_RECORDS SUPPLIED_:
--- START ---
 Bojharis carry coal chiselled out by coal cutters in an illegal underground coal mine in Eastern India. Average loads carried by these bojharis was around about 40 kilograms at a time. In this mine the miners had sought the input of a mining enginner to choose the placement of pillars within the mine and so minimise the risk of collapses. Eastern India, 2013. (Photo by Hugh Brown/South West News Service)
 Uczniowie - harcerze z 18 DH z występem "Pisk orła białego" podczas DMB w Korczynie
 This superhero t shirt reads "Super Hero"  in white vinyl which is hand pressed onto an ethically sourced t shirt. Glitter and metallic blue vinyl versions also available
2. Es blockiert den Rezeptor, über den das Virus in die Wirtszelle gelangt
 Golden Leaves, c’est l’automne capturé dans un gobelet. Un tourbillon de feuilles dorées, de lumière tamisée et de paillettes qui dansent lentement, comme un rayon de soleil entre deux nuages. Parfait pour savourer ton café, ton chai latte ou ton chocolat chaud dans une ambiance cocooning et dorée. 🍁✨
--- END ---
--- START ---
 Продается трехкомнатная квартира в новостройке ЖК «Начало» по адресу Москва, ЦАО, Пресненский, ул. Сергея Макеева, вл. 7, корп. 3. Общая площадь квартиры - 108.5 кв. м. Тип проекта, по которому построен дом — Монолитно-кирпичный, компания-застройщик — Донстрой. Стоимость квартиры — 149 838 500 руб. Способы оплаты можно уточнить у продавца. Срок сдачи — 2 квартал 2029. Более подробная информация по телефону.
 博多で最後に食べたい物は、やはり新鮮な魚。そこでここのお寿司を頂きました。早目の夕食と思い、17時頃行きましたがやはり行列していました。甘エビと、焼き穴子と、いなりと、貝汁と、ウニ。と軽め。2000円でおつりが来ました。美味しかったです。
--- END ---
_WHAT TO DO_:
Copy back the listing above exactly, but only from the line with "This superhero t" through the line with "2. Es blockiert", both ends included.

_ANSWER AREA_:
 This superhero t shirt reads "Super Hero"  in white vinyl which is hand pressed onto an ethically sourced t shirt. Glitter and metallic blue vinyl versions also available
2. Es blockiert den Rezeptor, über den das Virus in die Wirtszelle gelangt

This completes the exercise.